===== DATA FOR THE TASK
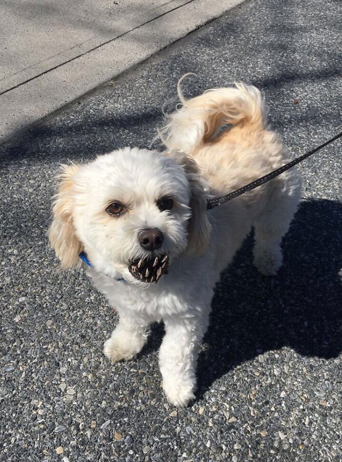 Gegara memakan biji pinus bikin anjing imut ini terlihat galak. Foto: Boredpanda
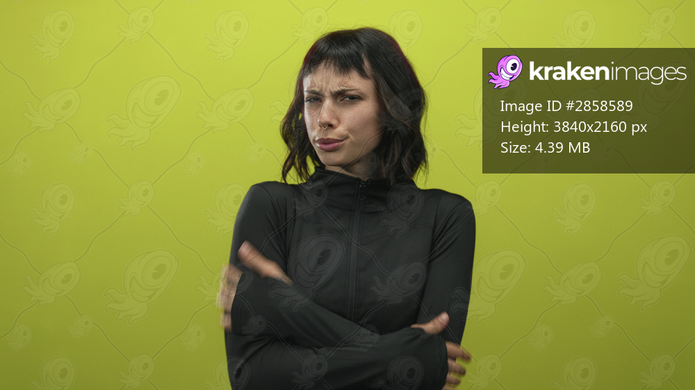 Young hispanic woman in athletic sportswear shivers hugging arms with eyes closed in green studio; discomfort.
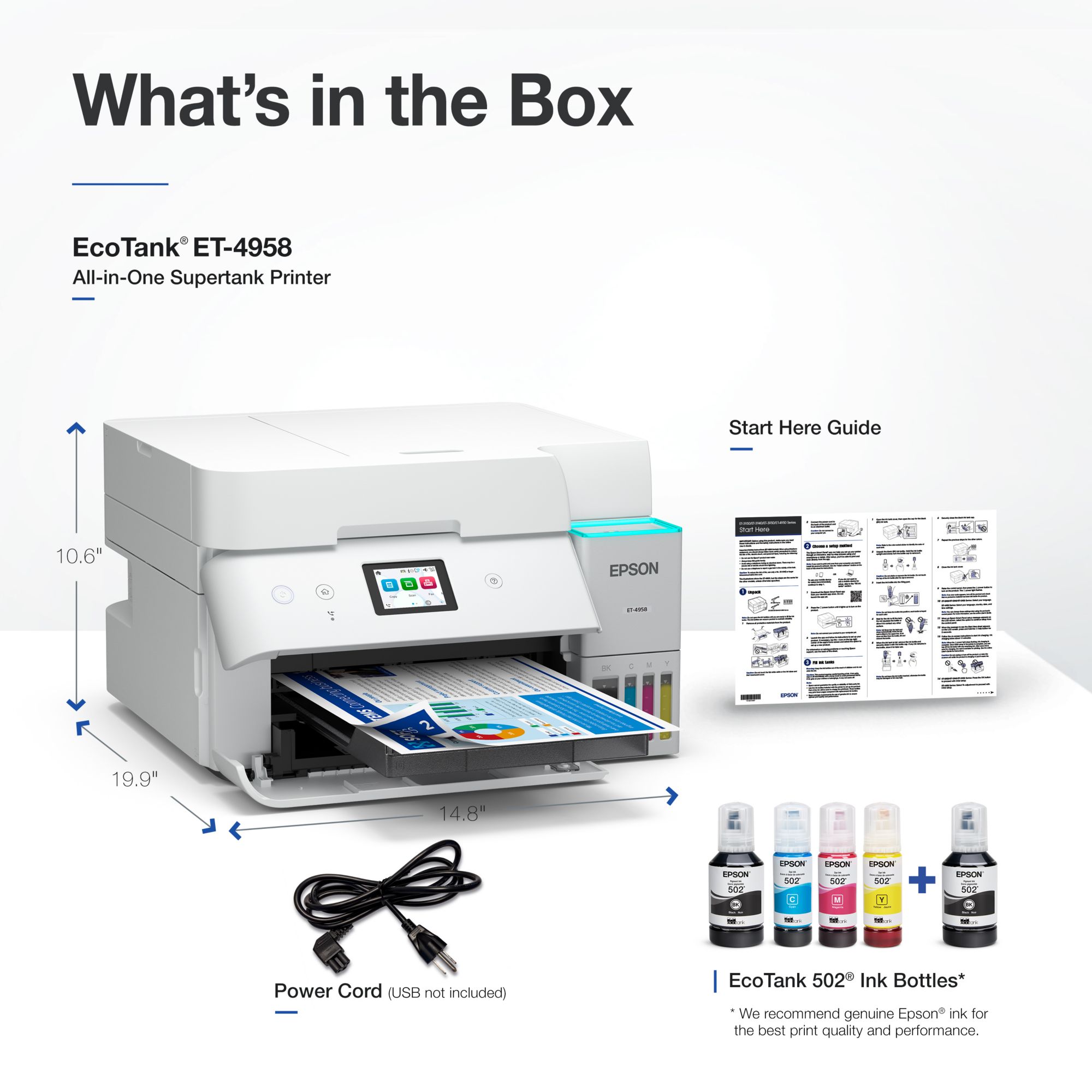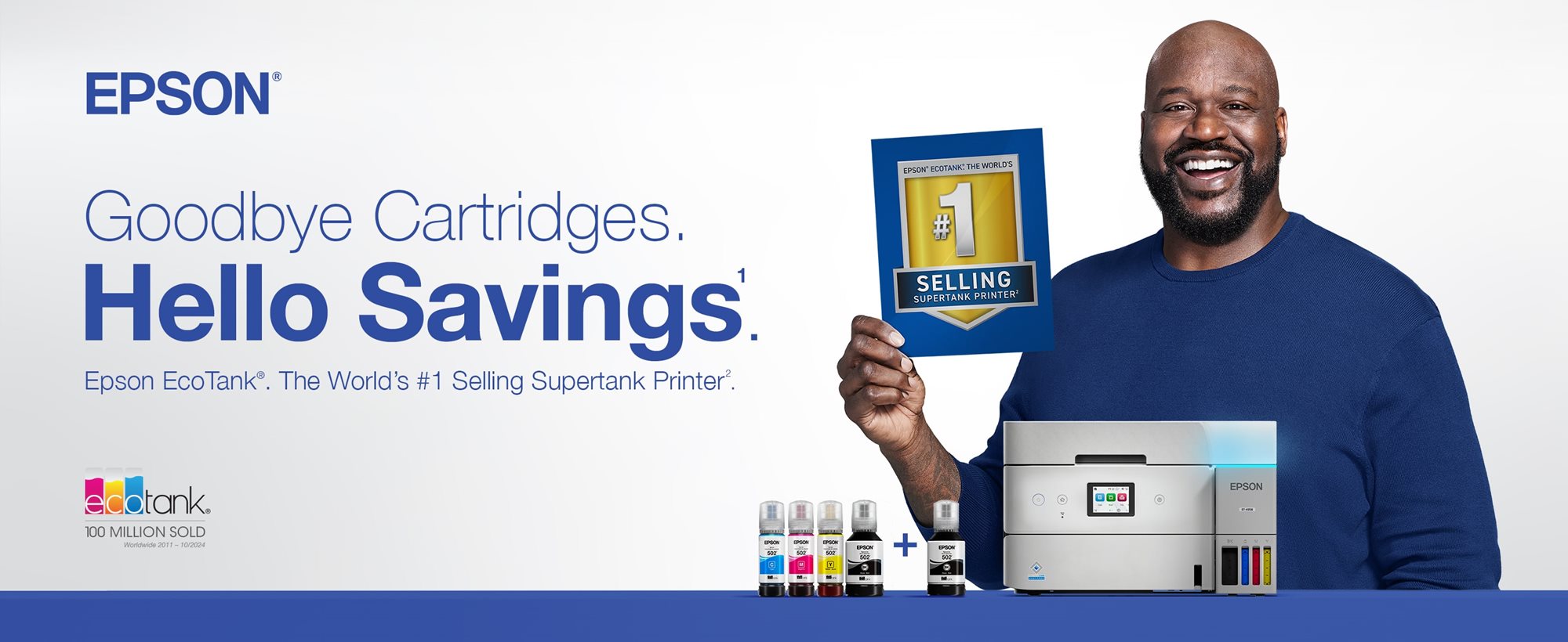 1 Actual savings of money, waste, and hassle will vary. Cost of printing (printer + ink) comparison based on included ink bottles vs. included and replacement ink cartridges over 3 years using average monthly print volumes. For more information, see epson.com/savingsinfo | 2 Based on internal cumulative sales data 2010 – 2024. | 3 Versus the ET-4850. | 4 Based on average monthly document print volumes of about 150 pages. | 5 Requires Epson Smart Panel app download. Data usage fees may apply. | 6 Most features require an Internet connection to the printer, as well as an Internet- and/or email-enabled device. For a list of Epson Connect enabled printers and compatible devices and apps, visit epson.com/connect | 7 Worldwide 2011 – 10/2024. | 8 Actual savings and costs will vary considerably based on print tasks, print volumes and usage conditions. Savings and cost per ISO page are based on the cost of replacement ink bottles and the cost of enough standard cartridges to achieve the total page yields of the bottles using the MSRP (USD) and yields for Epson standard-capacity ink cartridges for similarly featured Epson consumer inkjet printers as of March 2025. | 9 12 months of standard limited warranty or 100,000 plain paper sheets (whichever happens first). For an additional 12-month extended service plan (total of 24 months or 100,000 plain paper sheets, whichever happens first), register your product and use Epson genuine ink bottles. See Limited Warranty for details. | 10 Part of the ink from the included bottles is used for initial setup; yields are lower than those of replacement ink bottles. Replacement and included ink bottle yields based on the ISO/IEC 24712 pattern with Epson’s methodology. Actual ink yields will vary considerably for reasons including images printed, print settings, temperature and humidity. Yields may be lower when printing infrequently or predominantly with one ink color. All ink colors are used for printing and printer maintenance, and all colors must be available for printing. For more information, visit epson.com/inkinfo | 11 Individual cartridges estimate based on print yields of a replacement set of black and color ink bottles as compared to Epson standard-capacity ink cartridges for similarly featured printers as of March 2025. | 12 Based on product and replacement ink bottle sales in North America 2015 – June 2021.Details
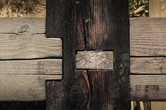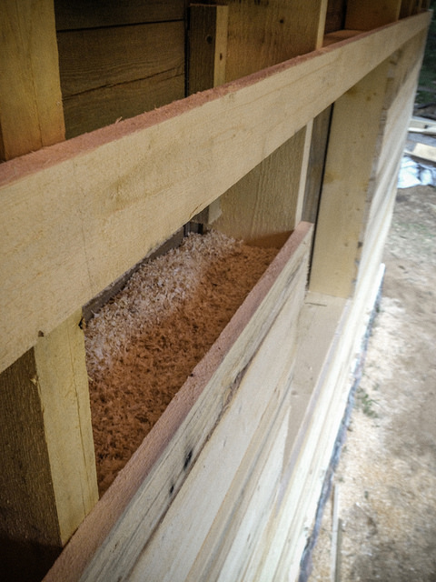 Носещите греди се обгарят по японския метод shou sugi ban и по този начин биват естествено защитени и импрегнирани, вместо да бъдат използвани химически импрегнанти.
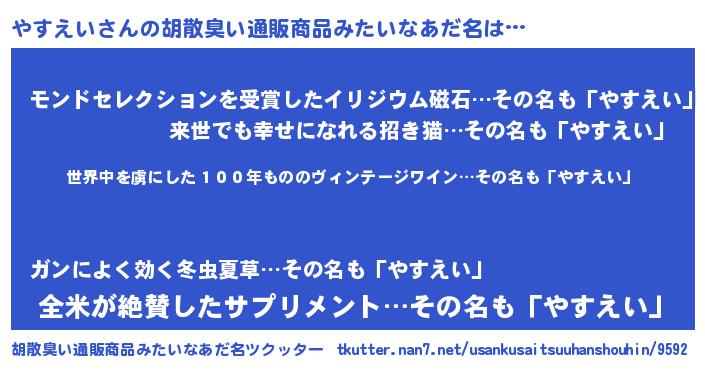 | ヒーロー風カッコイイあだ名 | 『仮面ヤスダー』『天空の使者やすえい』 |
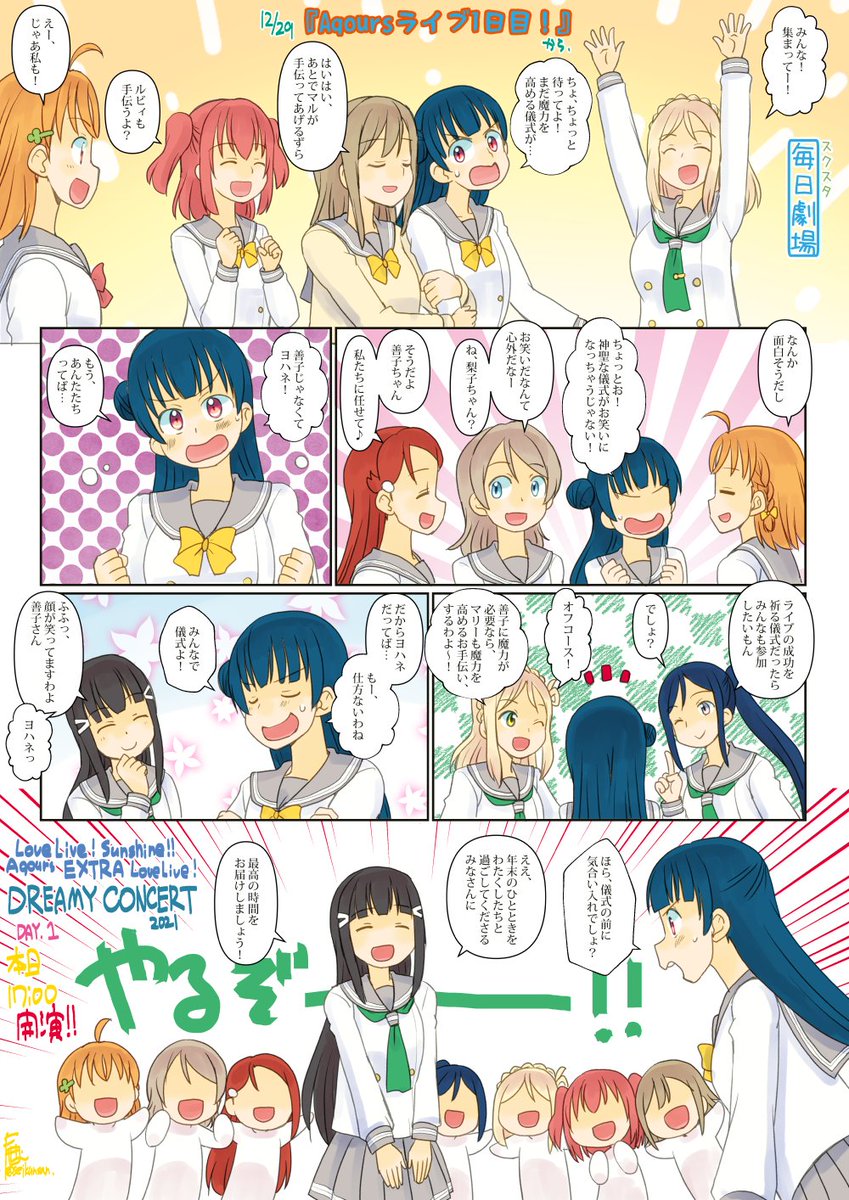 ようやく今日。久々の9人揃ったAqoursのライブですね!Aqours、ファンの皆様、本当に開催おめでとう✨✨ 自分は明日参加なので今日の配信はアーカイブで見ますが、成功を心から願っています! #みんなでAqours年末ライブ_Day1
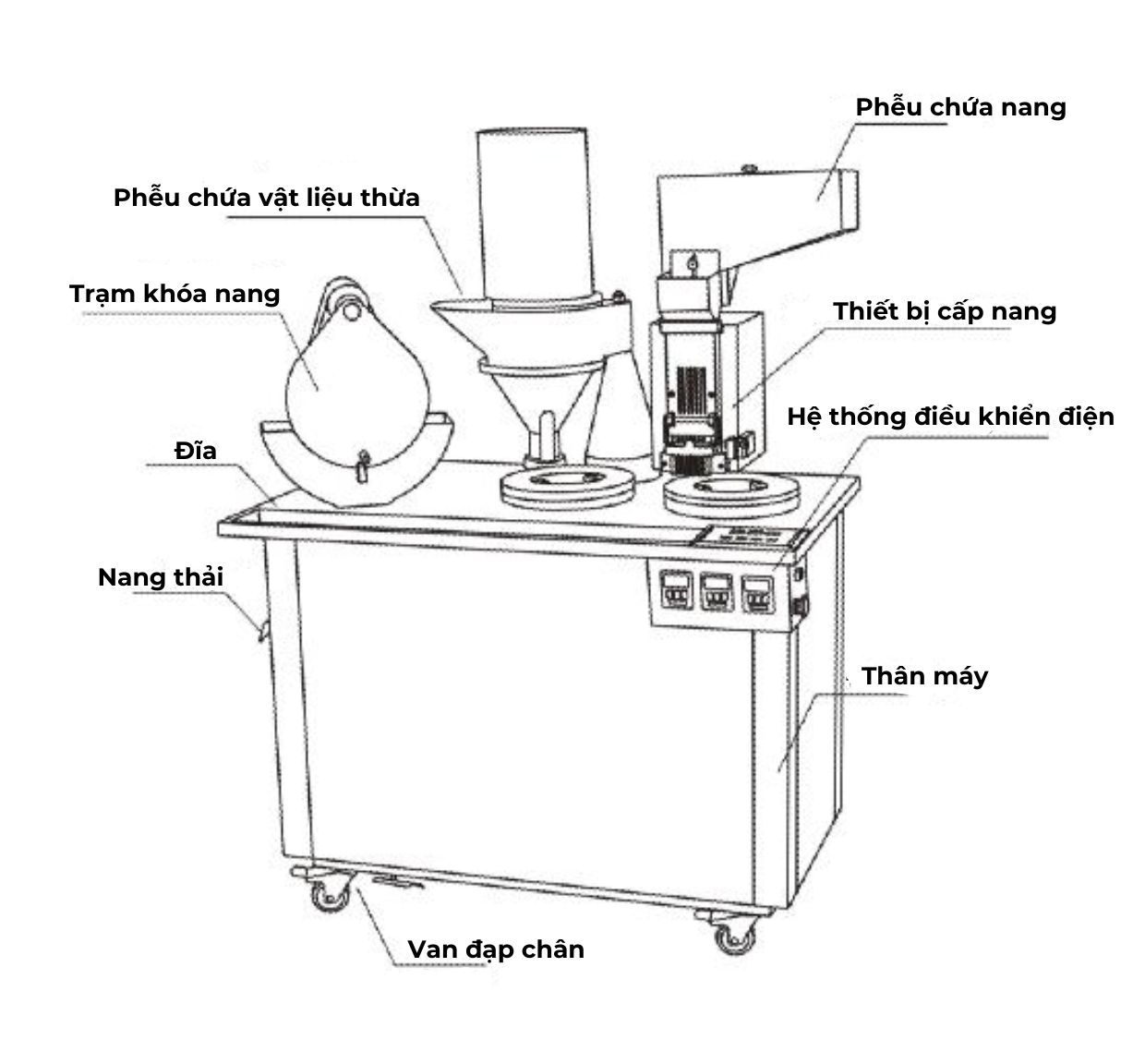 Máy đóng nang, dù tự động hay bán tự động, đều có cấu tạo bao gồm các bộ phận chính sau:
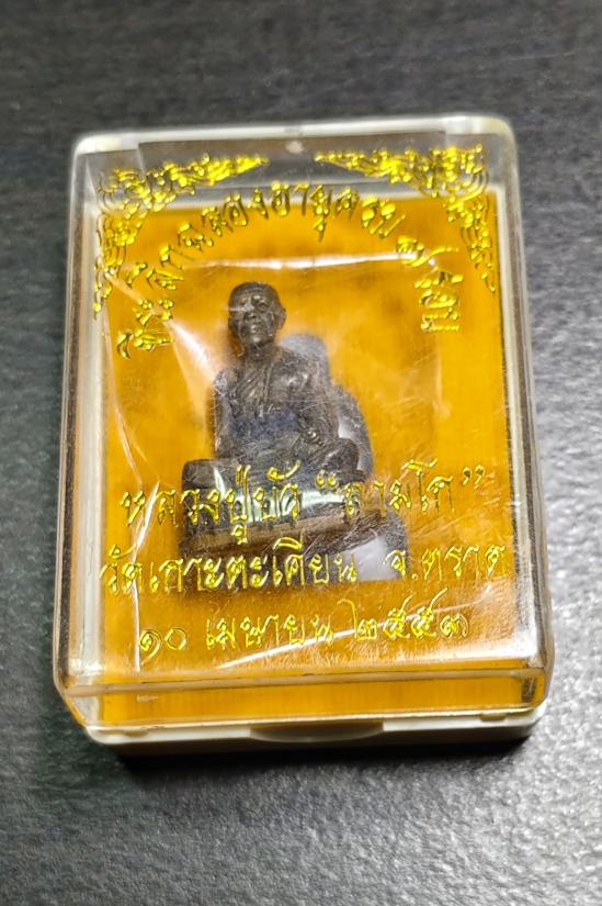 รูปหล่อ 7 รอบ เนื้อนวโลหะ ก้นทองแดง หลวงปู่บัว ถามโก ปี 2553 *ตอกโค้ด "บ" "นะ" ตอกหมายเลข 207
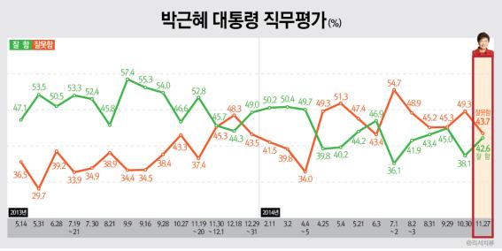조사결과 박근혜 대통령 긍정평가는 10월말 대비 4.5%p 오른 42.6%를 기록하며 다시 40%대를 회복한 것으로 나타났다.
==========
### [WORK TO BE COMPLETED]
Since the pictures are not part of the copy, transcribe only the remaining material, exactly.

### [EXERCISE RESPONSE]
 Gegara memakan biji pinus bikin anjing imut ini terlihat galak. Foto: Boredpanda
 Young hispanic woman in athletic sportswear shivers hugging arms with eyes closed in green studio; discomfort.
 1 Actual savings of money, waste, and hassle will vary. Cost of printing (printer + ink) comparison based on included ink bottles vs. included and replacement ink cartridges over 3 years using average monthly print volumes. For more information, see epson.com/savingsinfo | 2 Based on internal cumulative sales data 2010 – 2024. | 3 Versus the ET-4850. | 4 Based on average monthly document print volumes of about 150 pages. | 5 Requires Epson Smart Panel app download. Data usage fees may apply. | 6 Most features require an Internet connection to the printer, as well as an Internet- and/or email-enabled device. For a list of Epson Connect enabled printers and compatible devices and apps, visit epson.com/connect | 7 Worldwide 2011 – 10/2024. | 8 Actual savings and costs will vary considerably based on print tasks, print volumes and usage conditions. Savings and cost per ISO page are based on the cost of replacement ink bottles and the cost of enough standard cartridges to achieve the total page yields of the bottles using the MSRP (USD) and yields for Epson standard-capacity ink cartridges for similarly featured Epson consumer inkjet printers as of March 2025. | 9 12 months of standard limited warranty or 100,000 plain paper sheets (whichever happens first). For an additional 12-month extended service plan (total of 24 months or 100,000 plain paper sheets, whichever happens first), register your product and use Epson genuine ink bottles. See Limited Warranty for details. | 10 Part of the ink from the included bottles is used for initial setup; yields are lower than those of replacement ink bottles. Replacement and included ink bottle yields based on the ISO/IEC 24712 pattern with Epson’s methodology. Actual ink yields will vary considerably for reasons including images printed, print settings, temperature and humidity. Yields may be lower when printing infrequently or predominantly with one ink color. All ink colors are used for printing and printer maintenance, and all colors must be available for printing. For more information, visit epson.com/inkinfo | 11 Individual cartridges estimate based on print yields of a replacement set of black and color ink bottles as compared to Epson standard-capacity ink cartridges for similarly featured printers as of March 2025. | 12 Based on product and replacement ink bottle sales in North America 2015 – June 2021.Details
 Носещите греди се обгарят по японския метод shou sugi ban и по този начин биват естествено защитени и импрегнирани, вместо да бъдат използвани химически импрегнанти.
 | ヒーロー風カッコイイあだ名 | 『仮面ヤスダー』『天空の使者やすえい』 |
 ようやく今日。久々の9人揃ったAqoursのライブですね!Aqours、ファンの皆様、本当に開催おめでとう✨✨ 自分は明日参加なので今日の配信はアーカイブで見ますが、成功を心から願っています! #みんなでAqours年末ライブ_Day1
 Máy đóng nang, dù tự động hay bán tự động, đều có cấu tạo bao gồm các bộ phận chính sau:
 รูปหล่อ 7 รอบ เนื้อนวโลหะ ก้นทองแดง หลวงปู่บัว ถามโก ปี 2553 *ตอกโค้ด "บ" "นะ" ตอกหมายเลข 207
조사결과 박근혜 대통령 긍정평가는 10월말 대비 4.5%p 오른 42.6%를 기록하며 다시 40%대를 회복한 것으로 나타났다.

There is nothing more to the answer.